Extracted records
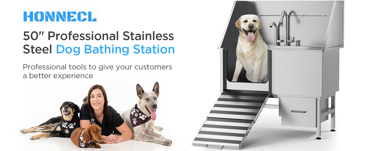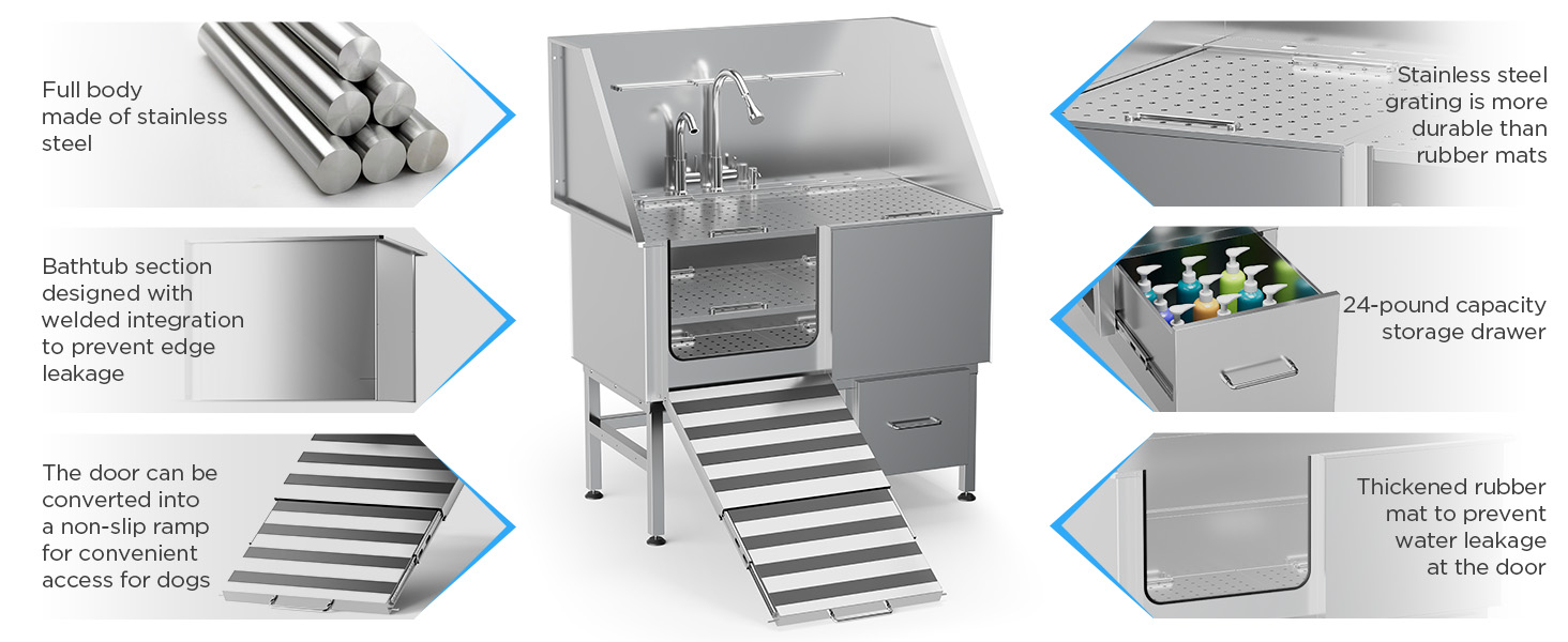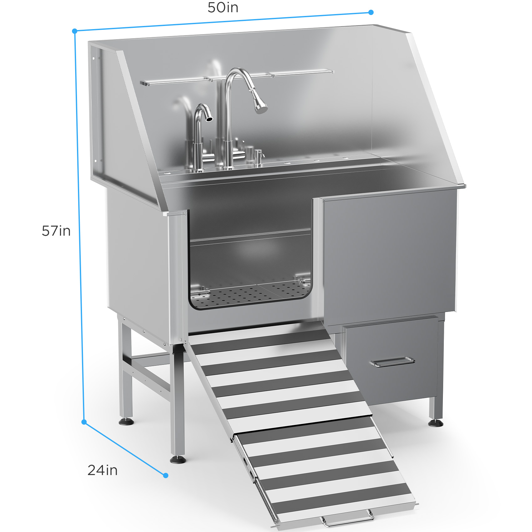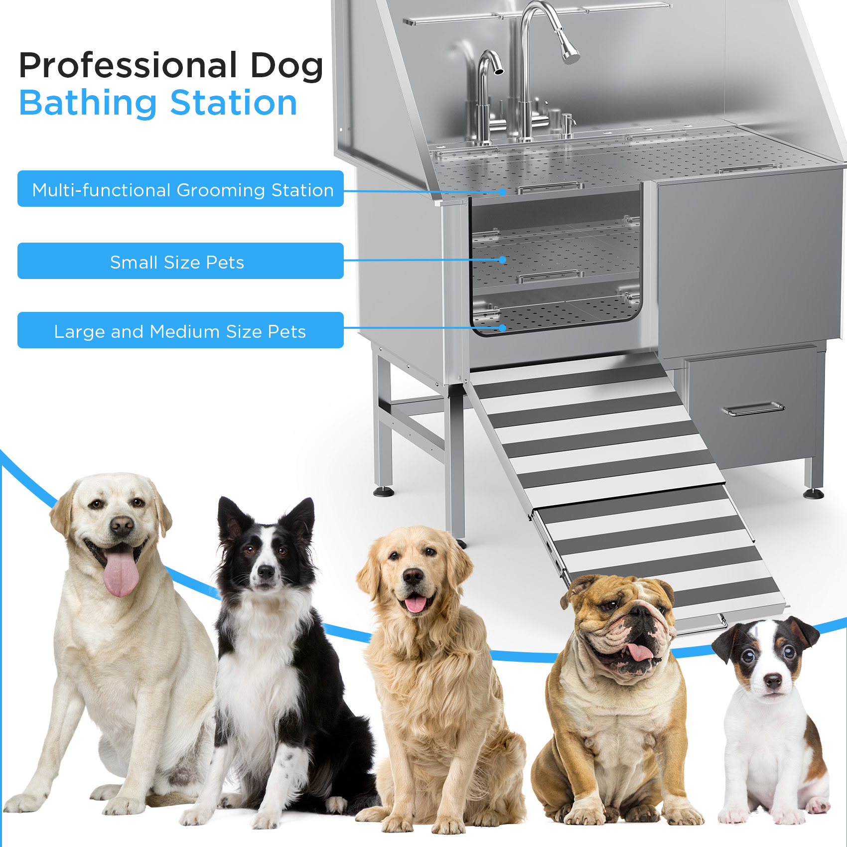 Professional Stainless Steel Dog Bathing Station - Dog Grooming Tub w/Ramp, Storage Drawer, Floor Grate & Faucet/Dog Bathtub for
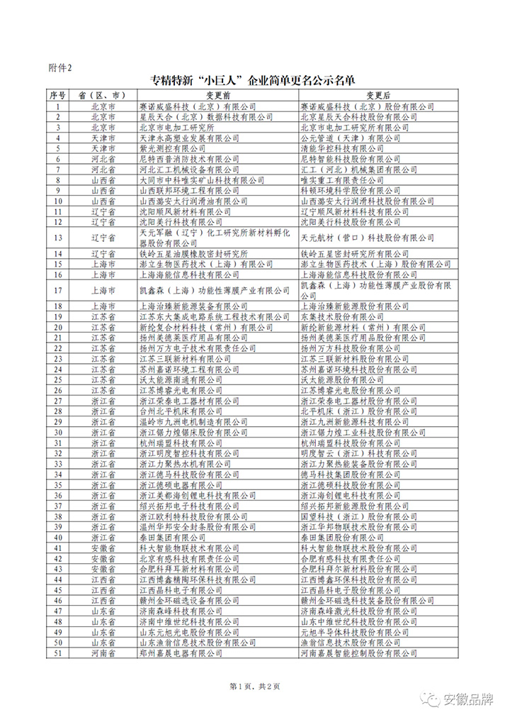 2、專精特新“小巨人”企業(yè)簡單更名公示名單
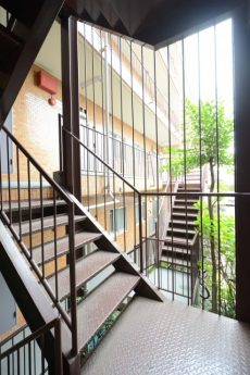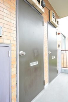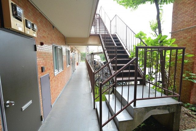 エレベーターで2階まで上がり外廊下を進みます。2階程度なら階段で上がるのもいい運動になって良いかもしれませんね。たまにはですが^^;)
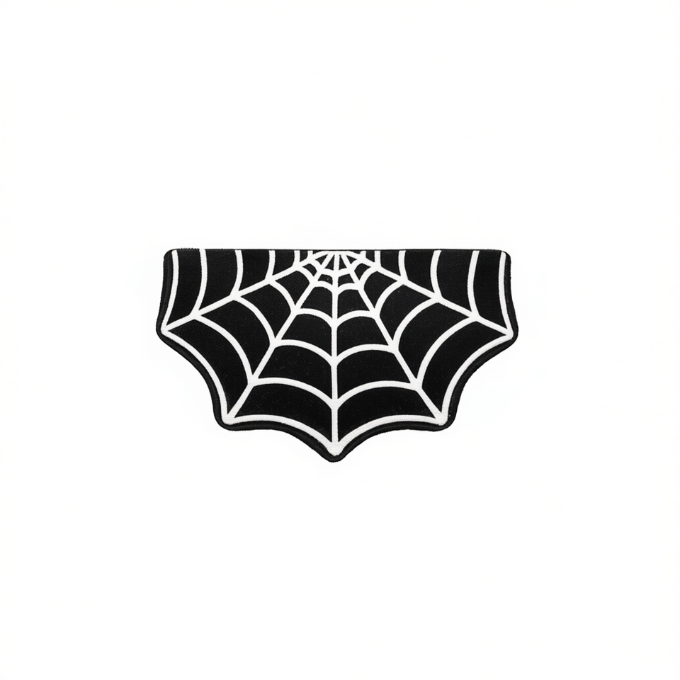 Halloween Spider Web Bath Mat Half Circle Gothic Black White Non-Slip Embroidered Synthetic Rug For Bathroom Decor 1 Pack
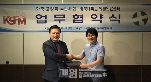 충북대학교 동물의료센터(센터장 강병택)와 한국고양이수의사회(회장 김재영, 이하 KSFM)가 지난 8월 11일 서울 SYC밀레니엄타워에서 상호 업무협약(MOU)을 체결했다.
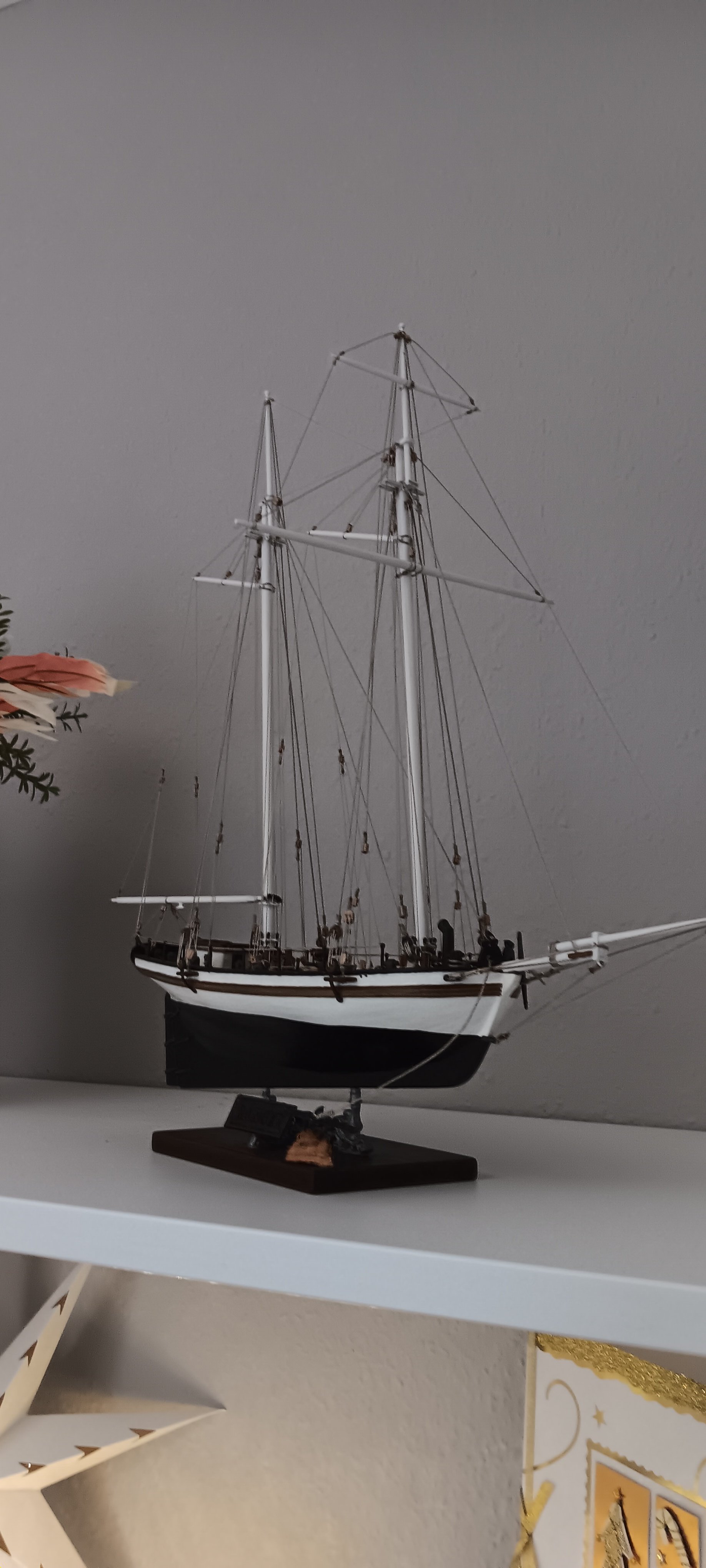Hello everyone, I would like to introduce you to a small kit from Corel that I have been working on for the last three months. As usual with Corel, the wood is of excellent quality and plentiful. The same goes for the rigging. However, I have to criticise the cast metal parts, as they are of poor quality and break easily. The construction plans are, as is also typical for Corel, somewhat unusual and require careful study. However, the assembly instructions are very detailed. The canvas, which I did not use, seems a little too thick, but is of good quality. However, I must point out that the representation of the gaff sail in particular cannot be used as a template, as it is simply incorrect. In addition, the construction plan contains a somewhat hidden reference to the yards, but does not mention the sails. All in all, it is a nice kit that is fun to build, but not necessarily recommended for absolute beginners. However, this is typical for this manufacturer. Best regards Translated with DeepL.com (free version) Übersetzt mit DeepL.com (kostenlose Version)
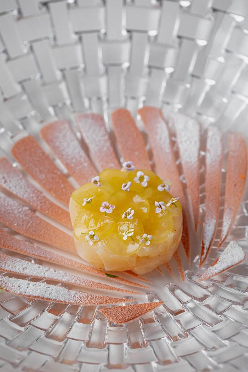 Вдохновляющим началом этого гастрономического путешествия станет тартар из дальневосточного гребешка. Этот изысканный морепродукт подается с айоли из тунца, дополненным виноградом, маринованным в соевом соусе и соке юдзу.
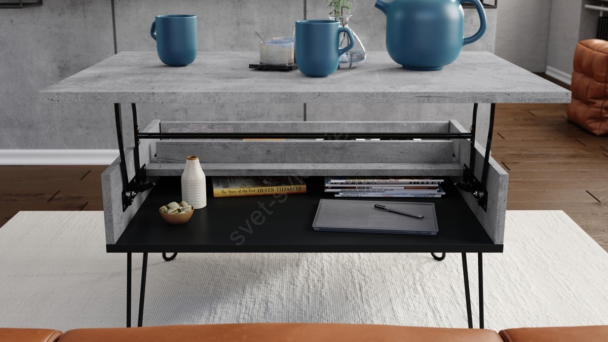 Konferenčný stôl so zdvíhacou doskou a policou HALIJA sivý betón/čierna
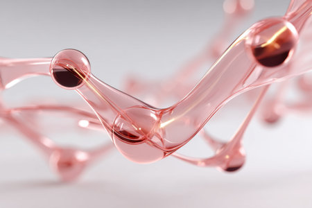 A 3D rendering of collagen and vitamin molecules glowing against a soft pastel background, symbolizing skincare solutions
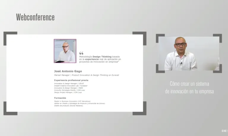 On 19th April, EAE Business School organized a web conference entitled "Creating an innovation system in your company". The aim was to explain the phases of innovation processes, the tools used and a few examples of success stories.

Exercise aim → From the opening line of the entries, copy each line exactly until the line with "충북대학교 동물의료센터(센터장 강병택)와", which is copied as well; leave out pictures.

Response to this task →
 Professional Stainless Steel Dog Bathing Station - Dog Grooming Tub w/Ramp, Storage Drawer, Floor Grate & Faucet/Dog Bathtub for
 2、專精特新“小巨人”企業(yè)簡單更名公示名單
 エレベーターで2階まで上がり外廊下を進みます。2階程度なら階段で上がるのもいい運動になって良いかもしれませんね。たまにはですが^^;)
 Halloween Spider Web Bath Mat Half Circle Gothic Black White Non-Slip Embroidered Synthetic Rug For Bathroom Decor 1 Pack
 충북대학교 동물의료센터(센터장 강병택)와 한국고양이수의사회(회장 김재영, 이하 KSFM)가 지난 8월 11일 서울 SYC밀레니엄타워에서 상호 업무협약(MOU)을 체결했다.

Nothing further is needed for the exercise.